These sources of error in mining data and analysis may be reduced or eliminated by developing better

forecasting models, better data and more experienced planners (Lumley & Beckman, 2009). However, if

technical issues were the dominant or even a significant contributor, the distribution of errors would be



normal (or near normal) and the average error would be near zero. Anecdotally this is not the case. The

lack of impact of technical errors has also been proven empirically by Flyvbjerg (2008). Flyvbjerg (2008,

p27) states, “ technical explanations must be rejected because they do not fit the data.”

Psychological issues account for inaccuracy in terms of optimism bias or planner’s bias (Lovallo and

Kahneman, 2003). In the mining industry this is often called “planner’s optimism”. It is a cognitive

predisposition (unintentional self-deception) to judge future events in a more positive light than is

warranted by actual experience. It is a weakness in the way the human mind processes information and is

thought to be a universal problem (Lovallo and Kahneman, 2003).

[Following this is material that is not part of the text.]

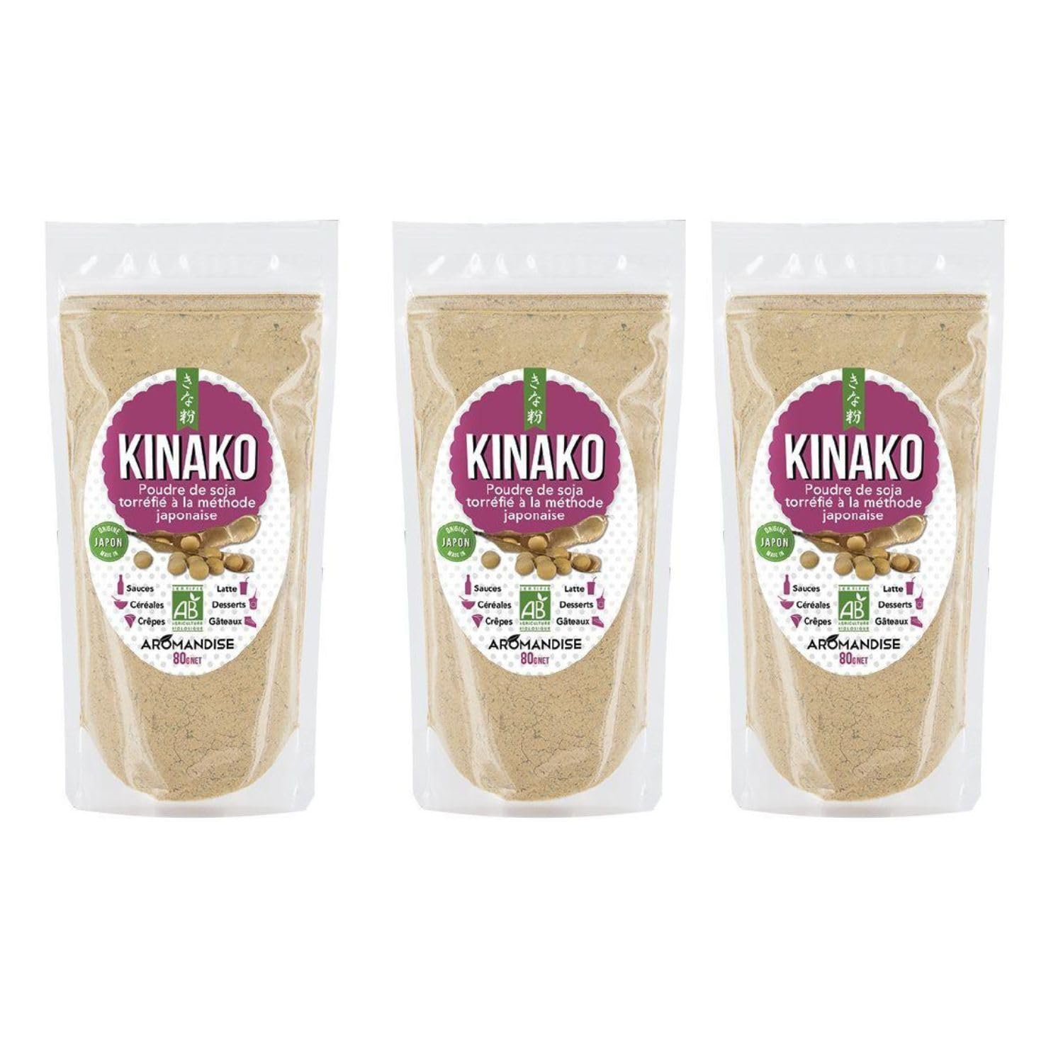 Organic Kinako Soy Powder, 3 x 200g sachets. Kinako is a traditional Japanese condiment made exclusively from roasted soybeans! Used to give a delicious peanut-hazelnut flavor to rice mochi cakes, it offers a wide range of uses for all kinds of dishes and desserts. Very easy to use, it can be sprinkled and incorporated effortlessly into your recipes. Ideal as a sugar substitute, it will become a staple in your kitchen! INGREDIENTS Organically grown roasted soybean powder
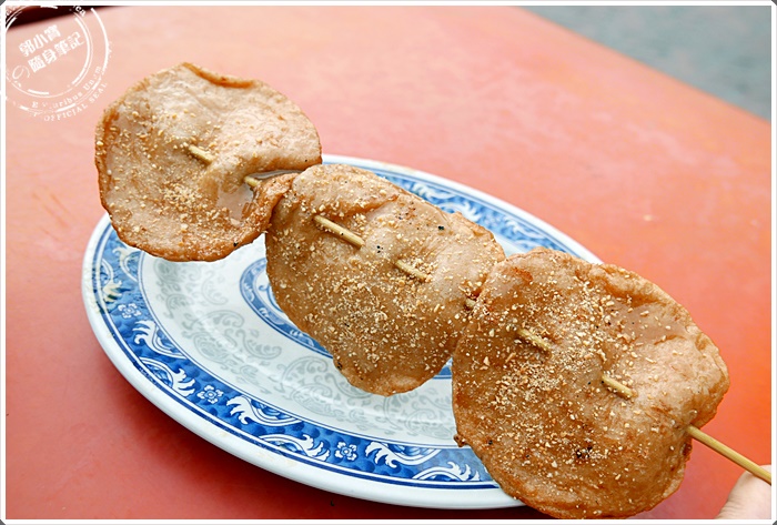 | 就是這個銷魂的烤黑輪,完全使用炭火來烤,有一種自然的焦香味瀰漫在空氣中,這邊的烤黑輪不是完全乾乾酥酥的那類型,特別的是中間烤過後還保有濕潤,而旁邊周圍還能夠香酥無比,這就是代天宮烤黑輪的威力!! |

If the primary cause of failure to meet ROR on mining projects was unintentional planner’s optimism then

this could be predicted and standards established for developments along those proposed by HM

Treasury, (2003) for large scale infrastructure projects in Britain. They recommended that adjustments be

made to a project’s cost, benefits and duration, and that the adjustments be based on data from past or

similar projects elsewhere. Again, the lack of normality and consistency in the inaccuracies in project

outcomes indicates that planner’s optimism is not a significant cause of the inaccuracy (Bullock, 2011).

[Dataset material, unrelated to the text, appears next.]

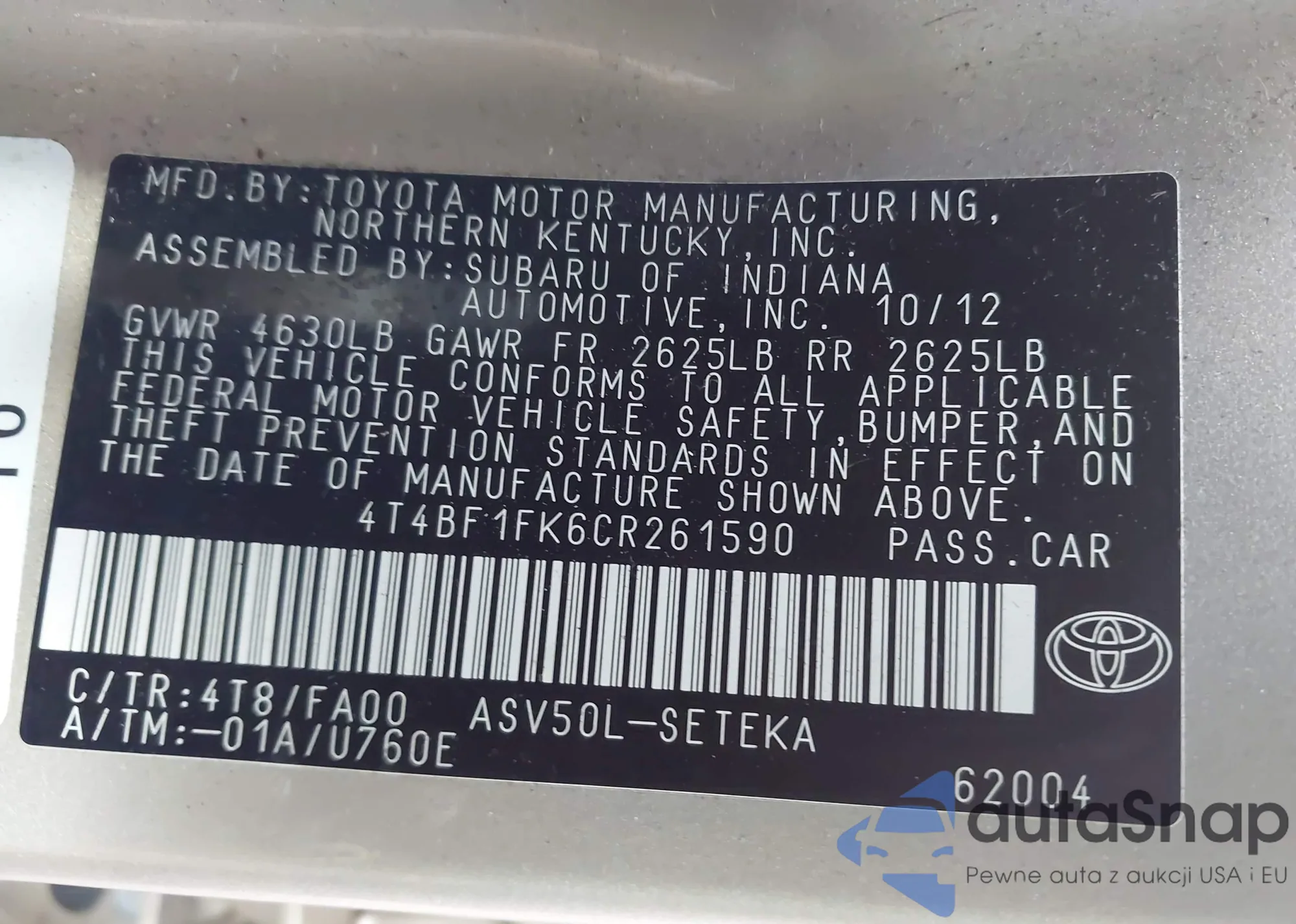 • VIN 4T4BF1FK6CR261590
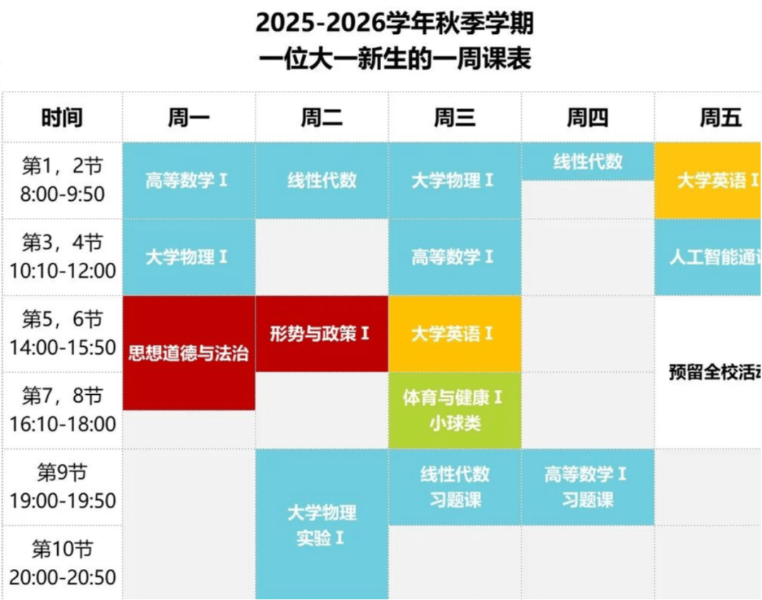 从一位大一新生的一周课表来看,宁波东方理工本学期为首届学生开设了包括高等数学、大学物理、人工智能通识在内的9门通识与基础课程,重在强化学生的数理基础、计算思维和英语能力,为后续的专业学习与交叉创新夯实基础。

The third explanation for inaccuracies in project outcomes is political-economic issues. They explain

inaccuracy in terms of strategic misrepresentation, which Wachs (1990) puts bluntly as intentional

deception. In this case, when forecasting the outcomes of projects, forecasters and planners deliberately

and strategically overestimate benefits and underestimate costs in order to increase the likelihood that it

is their project and not the competition’s, that gains approval and funding. Strategic misrepresentation

can be traced to internal organisational pressures.

Wachs, (1990), suggests that in the early stages (project approval) of a development plan there are strong

interests and incentives to emphasise benefits and de-emphasise costs and risks. Development teams and

consultants need a pipeline of future work. Mining companies need future mines. Wachs, (1990), finds

that this is not predominantly caused by non-intentional technical error nor planner’s optimism (which is

also non-intentional). He states that it is deliberate misrepresentation which can be represented by the

following Machiavellian formula.

(Underestimated costs) + (Overstated benefits) = (Project Approval)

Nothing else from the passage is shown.